Here, inside the parentheses we compute address of the sell:
[array + ecx*4] == [400020h +1*4] == 400024h ; where offset of array=400020h and ecx=1
mov eax, [array + ecx*4] ; eax->contents of the 2nd array's member ;eax=8
or
mov eax, [OFFSET array + ecx*4] ; eax->contents of the 2nd array's member ;eax=8
or
mov eax, ds:[400024h] ; eax->contents of the 2nd array's membr ;eax=8
and
mov eax, [array] ; eax->contents of the 1st array's member ;eax=5
is equal to
mov eax, array ; eax->contents of the 1st array's member ;eax=5
Regards,
Lingo
Damn! Why not just use the '#'-operator for immediate mode, like in Motorola assembly?
:bg
mercifer,
It would be too easy, then. :bg By the way, though, is not the # only used for immediate values with the $ to distinguish hex from decimal? It has been years but that is what just bubbled up in this thing I use for a brain.
Paul
mercifier ,
You are running into confusion because INTEL did not understand the Queen's English when they selected their mnemonics. A constant or address into a destination should be called a LOAD. A register contents or memory contents into a destination should be called a COPY. X86 does not really have a MOVE instruction, because that would mean the source gets copied into the destination, and then the source gets deleted. Obviously that does not happen, so MOV is a misnomer as far as its functionality is concerned. Ratch
In Motorola (and 6502) assembly, the '#' operator is used to differentiate absolute addressing (i.e. direct/displacement only) from immediate mode. The '$' operator means the following value is hexadecimal. These can be used independently of each other:
move.l 12345678,d0 ;load d0 with contents at decimal address 12345678
move.l #12345678,d0 ;load d0 with decimal (immediate) value of 12,345,678
move.l $12345678,d0 ;load d0 with contents at 12345678h
move.l #$12345678,d0 ;load 20 with hexadecimal (immediate) value of 12345678h
Ratch,
You got a point there. Data can never move, only be copied. Even the immediate constant remains unchanged, but in Motorola assembly the source of "move" comes first, which makes more sense to the syntax: move d0,d1 means "move (or copy) contents of d0 to d1". If the Intel copy instruction was named load instead, it would make more sense: mov ax,bx = "LOAD ax FROM bx" !!

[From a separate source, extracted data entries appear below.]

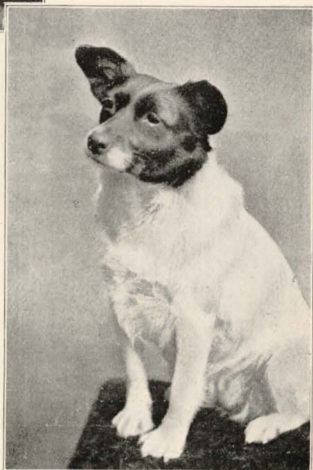
FOTOGRAFÍA HECHA CON LENTE KODAK PARA RETRATO.
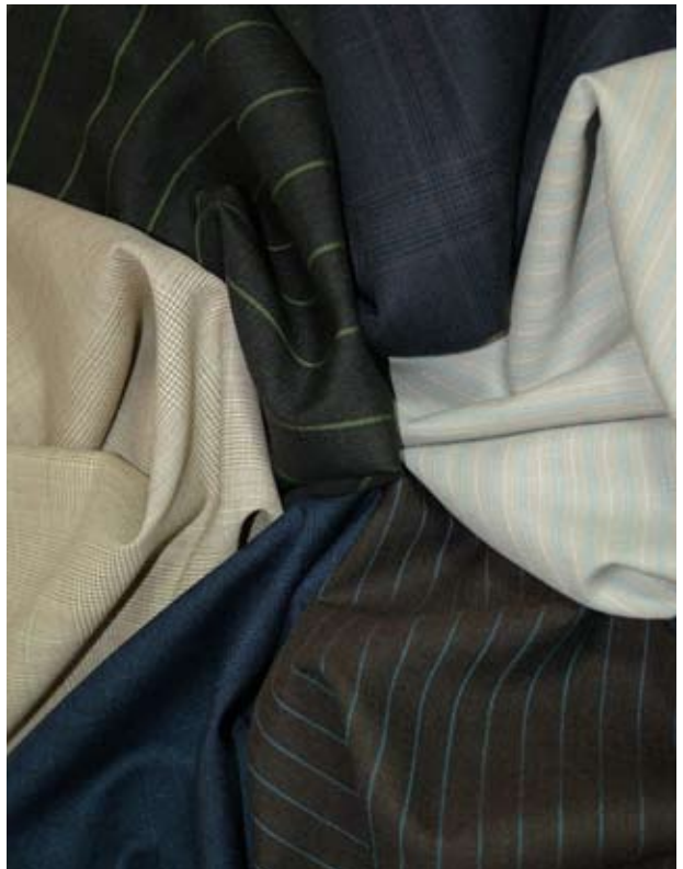
HS 129 SNOWY RIVER - 368000'S

Comfort, aspetto e prestazioni sono migliori grazie all'uniformità delle fibre e i capi mantengono la forma e durano più a lungo.
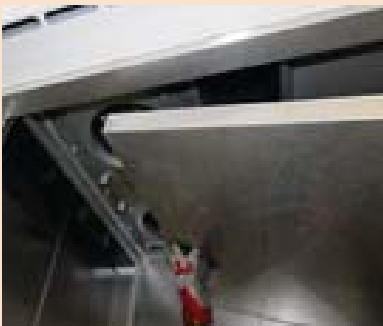
Demontage ohne Werkzeug möglich
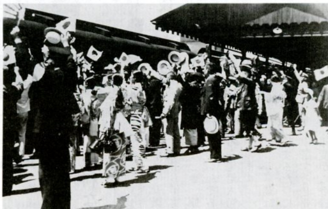
鳥取駅で出征兵士を見送る人たち(昭和12年8月)

を結んだし、中には五銭や十銭を縫い込んだりした。「死戦・苦戦を超える」語呂合わせだが、大まじめであった。そのころであろうか、毎夜、
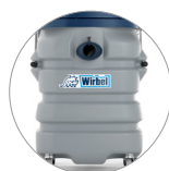
Behälter aus extrem widerstandsfähigem und schlagfestem Kunststoff
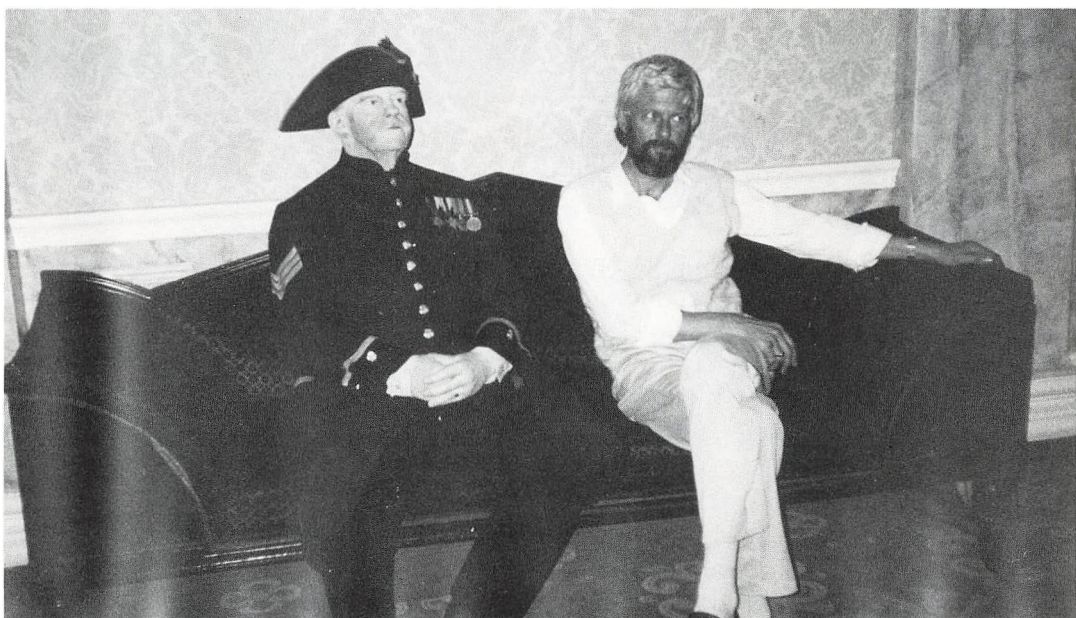
Madame Tussauds voksabinet
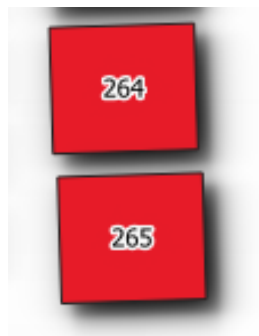
Obr. 1 Ukázka zakreslení obsazených hrobových míst na mapě hřbitova

Grafickou část pasportu představují fotografie hrobů a přehledná mapa hřbitova s vyznačením všech hrobových míst a doplňujících prvků hřbitova. Atributy k výstupnímu mapovému listu se nachází v přílohových evidenčních tabulkách. Zakreslení hrobových míst bylo provedeno na podkladové vrstvě ortofotomapy a za pomoci katastrální mapy ve formě pravoúhelníků s číslem hrobu uprostřed, viz Obr.1 pro obsazená hrobová místa, popř. Obr.2 pro volná hrobová místa.
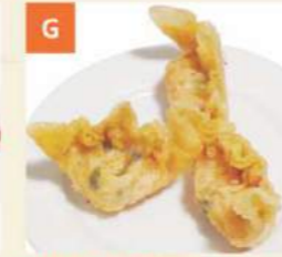
G Bánh Xếp Tôm Chiên Deep Fried Prawn Dumplings 炸蝦角
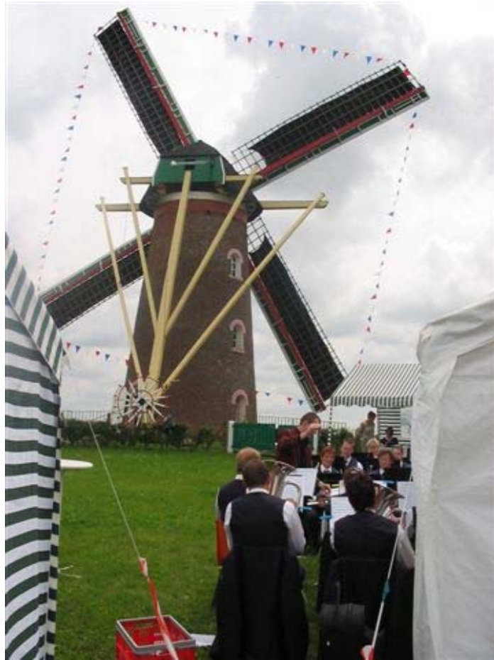
De muzikanten van Fanfare Vrijheid Eendracht uit Lamswaarde speelden de molenmars op 28 mei 2007
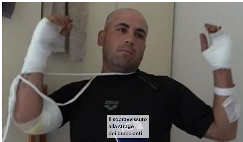
Il sopravvissuto alla strage dei braccianti
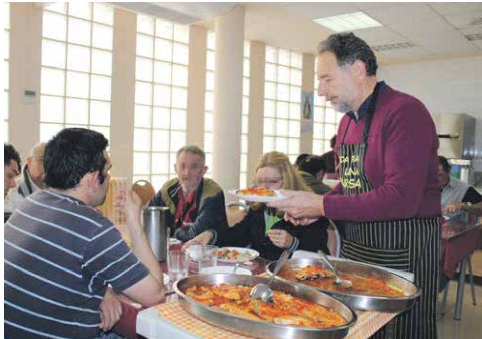
Comedor social de las Hijas de la Caridad de san Vicente de Paúl, en Zaragoza.

La iniciativa, pionera entre las diócesis españolas, se enmarca dentro de su Plan de Transparencia y del proyecto 'San Valero, de par en par', queriendo mostrar no solo números, sino los rostros de las personas y la identidad de las comunidades que en el día a día realizan la misión de la Iglesia zaragozana, que celebra el VII centenario de su elevación a sede metropolitana.
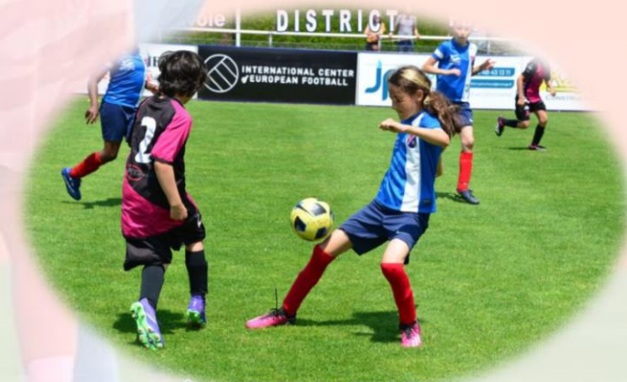
ÉTÉ DU FOOTBALL FEMININ
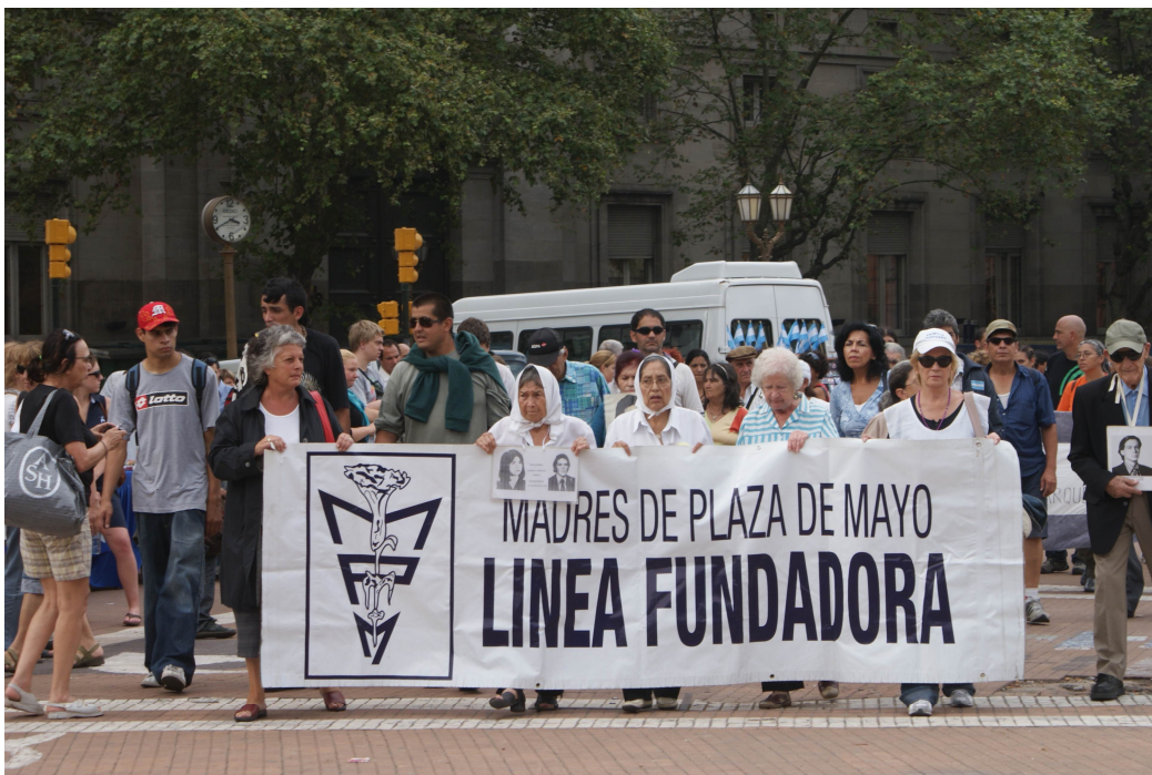
Madres de Plaza de Mayo Linea Fundadora tijdens hun wekelijkse ronde op de Plaza de Mayo maart 2010
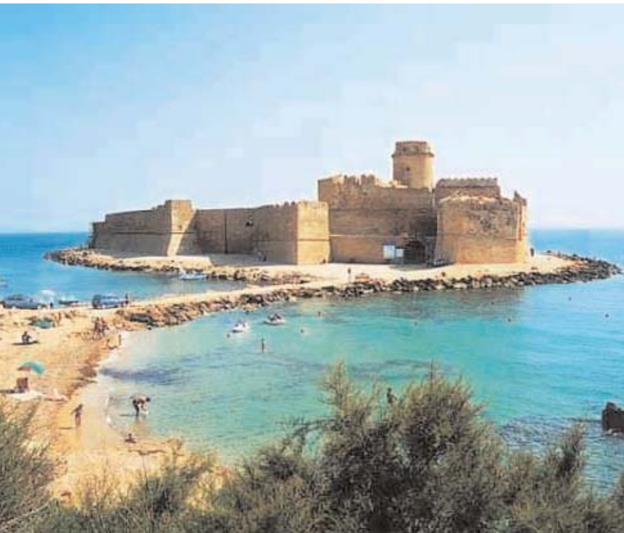
Isola Capo Rizzuto
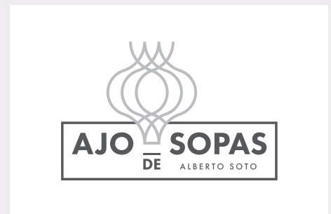
Escala de grises (80% black + 30% black)
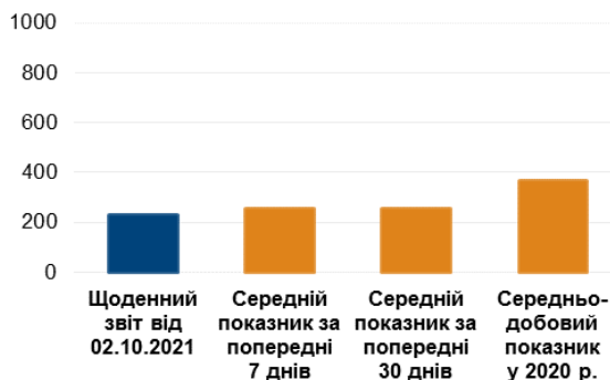
К-ть зафіксованих порушень режиму припинення вогню 3
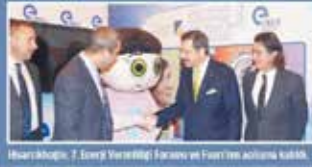
Hisarcıklıoğlu, 7. Enerji Verimliliği Forumu ve Fuarı'nın açılışına katıldı.

Çoğu şirketin enerji stratejisinin bulunmadığına, ancak bunu geliştirmek zorunda olduğuna işaret eden Hisarcıklıoğlu, şirketlere 'operasyonlarını enerjiyi optimize edecek şekilde iyileştirme ve maliyetlerini minimize etme' önerisinde bulundu. "İnsanlığın tüketimine yetişmek için bize 1.5 dünya lazım" diyen Hisarcıklıoğlu "Ben 4. Sanayi Devrimi'nin önceliklere benzemeyeceğini, üretim sürecinin dijitalleşmesinin makinelerin birbiriyle iletişime geçmesinin çok ilerisinde olacağını düşünüyorum" dedi.
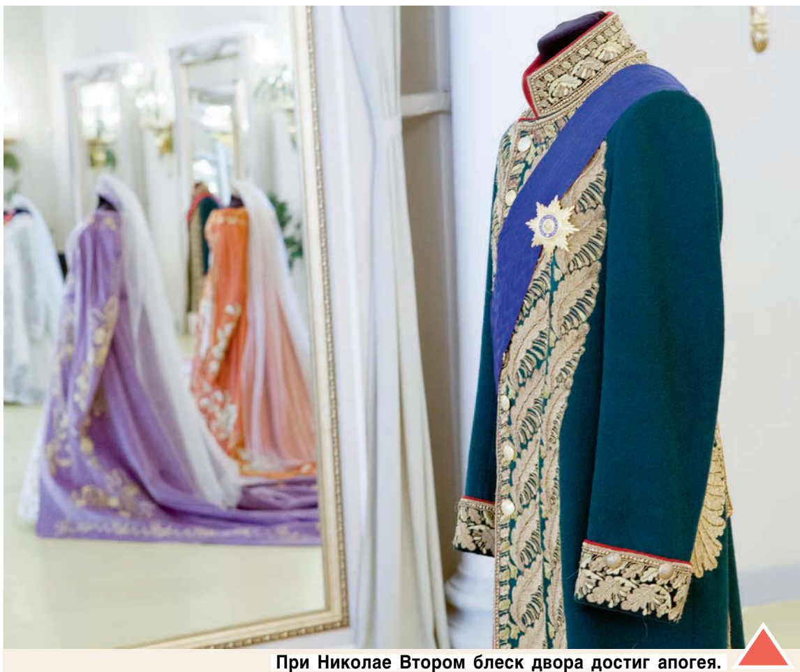
При Николае Втором блеск двора достиг апогея.
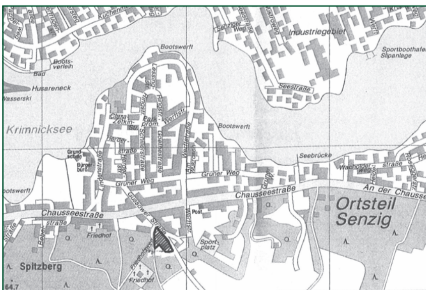
Gebietsabgrenzung zum Entwurf der Klarstellungs- und Einbeziehungssatzung „Gussower Straße“ im OT Senzig
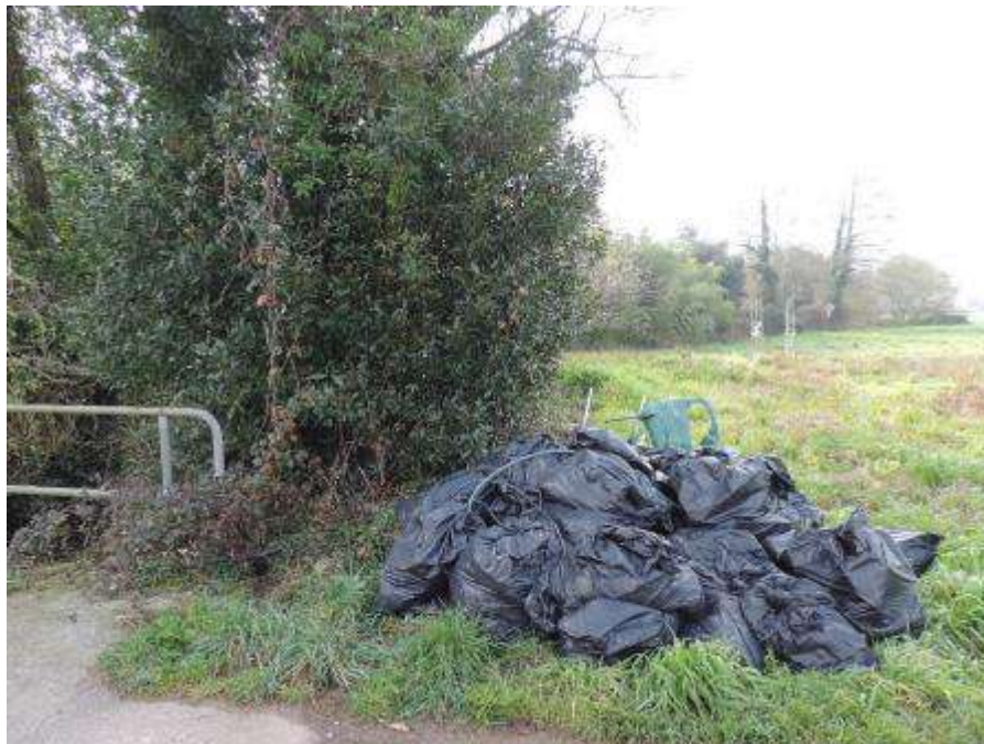
Restos antrópicos extraídos a lo largo del arroyo
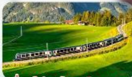
นั้งรถไฟสายโรแมนติก 2 สาย Golden Pass / Luzern Interlaken Express
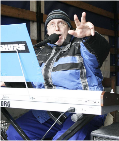
▲ Půjzdná živá hudba...
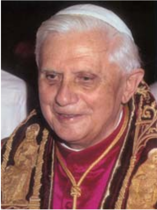
Papst Benedikt XVI.

hierher zu kommen?» fragt die Dame sie. «Sie schaute mich an wie ein Mensch, der mit einem anderen Menschen spricht.» In dieser Unterhaltung, in diesem ganz von Feingefühl geprägten Dialog beauftragt die Dame sie, einige ganz einfache Botschaften über das Gebet, die Busse und die Umkehr zu vermitteln. Dass Maria schön ist, überrascht nicht, offenbart sie doch in der Erscheinung vom 25. März 1858 ihren Namen so: «Ich bin die Unbefleckte Empfängnis».
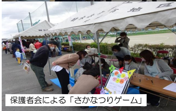
保護者会による「さかなつりゲーム」
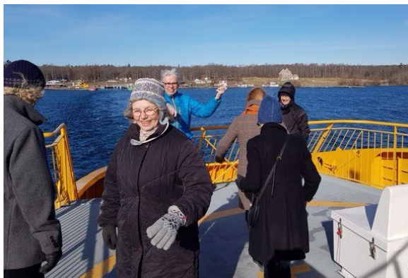
Bakmestråning på färjan hem
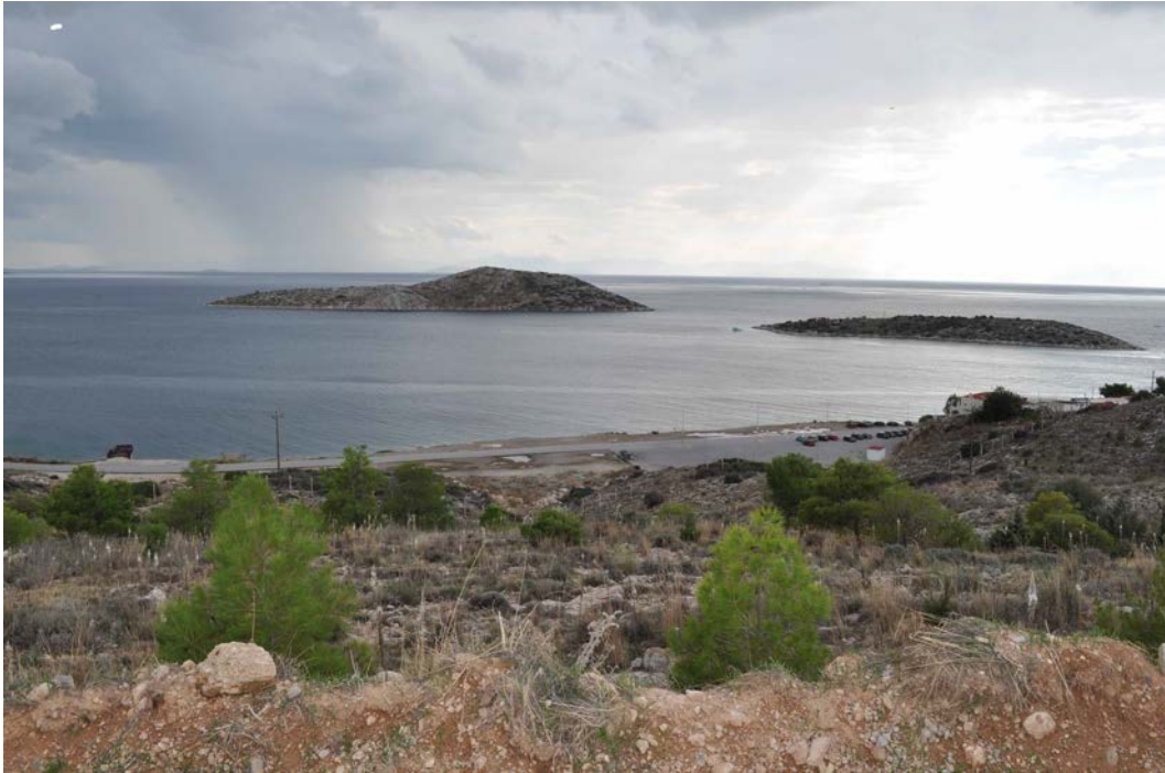
Πανοραμική άποψη τμήματος ανάπτυξης ( φωτογραφία 11 )
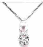
Girocollo Collana con perla fresh water e zircone, Nihama (98 euro).
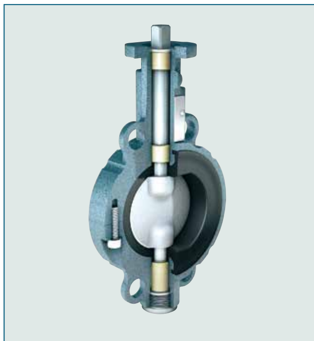
两片式阀体，使维护更加方便、快捷。
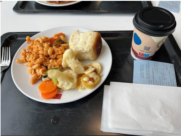
Figure 1 Mensa - Lunch
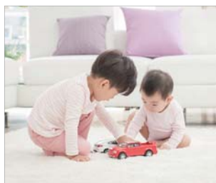
Bebés y mayores con sistemas autoinmunes débiles
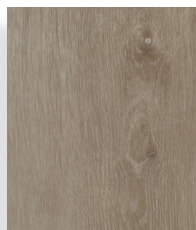
Warm Cottage Oak XL 18142e
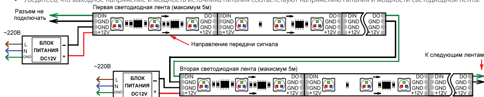
Рис.1. Схема подключения ленты без использования внешнего контроллера (максимум 1024 пикселя, общий рисунок динамического эффекта при переходе с ленты на ленту сохранится).
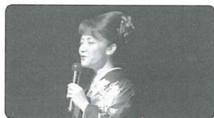
流石大御所、大人の歌を聴かせてくれましたね
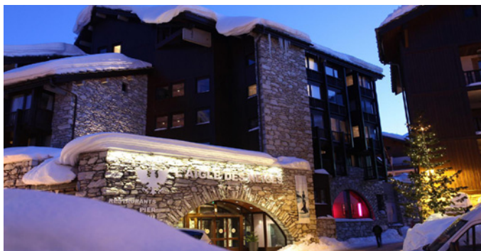
Val d'Isère - L'Aigle des Neiges
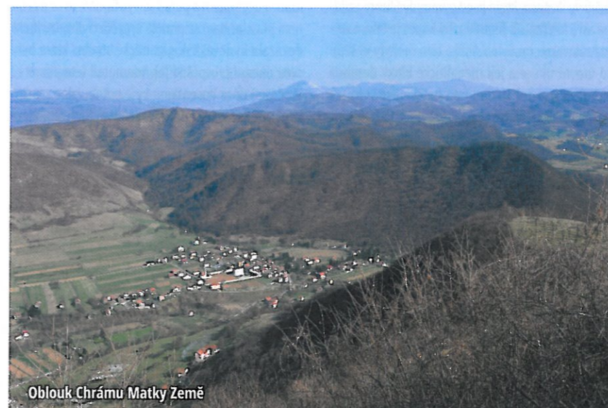
Oblouk Chrámu Matky Země

I bosenská pyramida měsíce je se svou výškou 190 m větší než ta Cheopsova. Horní vrstvy této pyramidy jsou provedeny z lepených pískovcových desek.
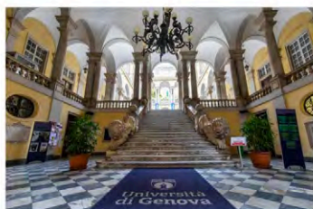
Informazioni utili per iscriversi
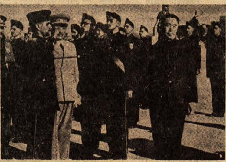
Kitajski ministrski predsednik Ču En Laj je ob svojem zadnjem obisku v Indiji pregledal tudi nekatere oddelke indijskih orožnih sil. Na sliki pri pregledu gojencev višje oficirske šole v New Delhiju

Predstavniki ameriške delegacije v OZN je takoj po objavi poročila Daga Hamarskjölda izjavil, da se je ameriška delegacija že začela posvetovati z ostalimi delegacijami o ustanovitvi predlaganega odbora. Do naslednjega zasedanja Skupščine konec tega tedna bi utegnili dobiti ameriška delegacija podporo 20 ali več delegacij.
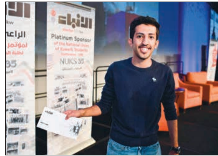
فرحة الفوز بجائزته
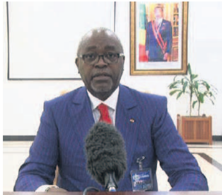
Le ministre Hugues Ngouélondélé prononçant son message

C'est dans un contexte particulier que sera célébrée le 26 juillet la journée nationale du sport. Dans son message, le ministre des Sports et de l'Education physique a donné la priorité à la santé.
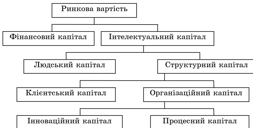
Рисунок 2 - Структура інтелектуального капіталу в моделі «Skandia Value Scheme» Л. Едвінсона

Про інноваційний капітал згадується в найбільш відомій моделі «Skandia Value Scheme» Л. Едвінсона (рис.2), що була розроблена для шведської страхової компанії, яка вперше включила інтелектуальний капітал (а відповідно рис.1 й інноваційний капітал) до свого річного звіту.
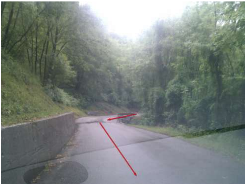
Punto di interesse GPS - > Erbezzo 1

(Maybe I'll just make a macro synonym of the MOV instruction...)
mercifier,
> (Maybe I'll just make a macro synonym of the MOV instruction...)
Do yourself a favour and DON'T as the MOV family of mnemonics is easy enough to get the swing of with practice. There is a guy on Usenet who converted x86 to pseudo 68k notation with macros but he is forever suspended in out of date hardware where x86 is reasonably dynamic in terms of adaption.
mercifier ,
I include a EQU statement like @ EQU OFFSET in a my code. Then I can code like INVOKE EAX,@ LABELX,EBX,etc. You can do a # EQU OFFSET if you prefer. By the way, how do you like the way the Motorola 68000 series can do a direct memory to memory copy instead of having to run the contents through a register or stack first? Ratch
Quote from: hutch-- on April 02, 2007, 09:21:22 PM
Do yourself a favour and DON'T...
OK, I'll follow that advice!
Quote from: Ratch on April 02, 2007, 09:23:48 PM
I include a EQU statement like @ EQU OFFSET in a my code.
Sound reasonable, but as Hutch said, it's probably best to stick with common syntax, even if it's sometimes awkward.
Quote from: Ratch on April 02, 2007, 09:23:48 PM
By the way, how do you like the way the Motorola 68000 series can do a direct memory to memory copy instead of having to run the contents through a register or stack first? Ratch
Well, most of the time you load data into the processor because you want to process it in some way, not just store a copy of it somewhere else. But indeed, there are times when a memory to memory move would be more traightforward. I guess that the old repeatet string operations were supposed to make up for that. However, I have learned that compact and versatile instructions does not always mean that the program will run faster.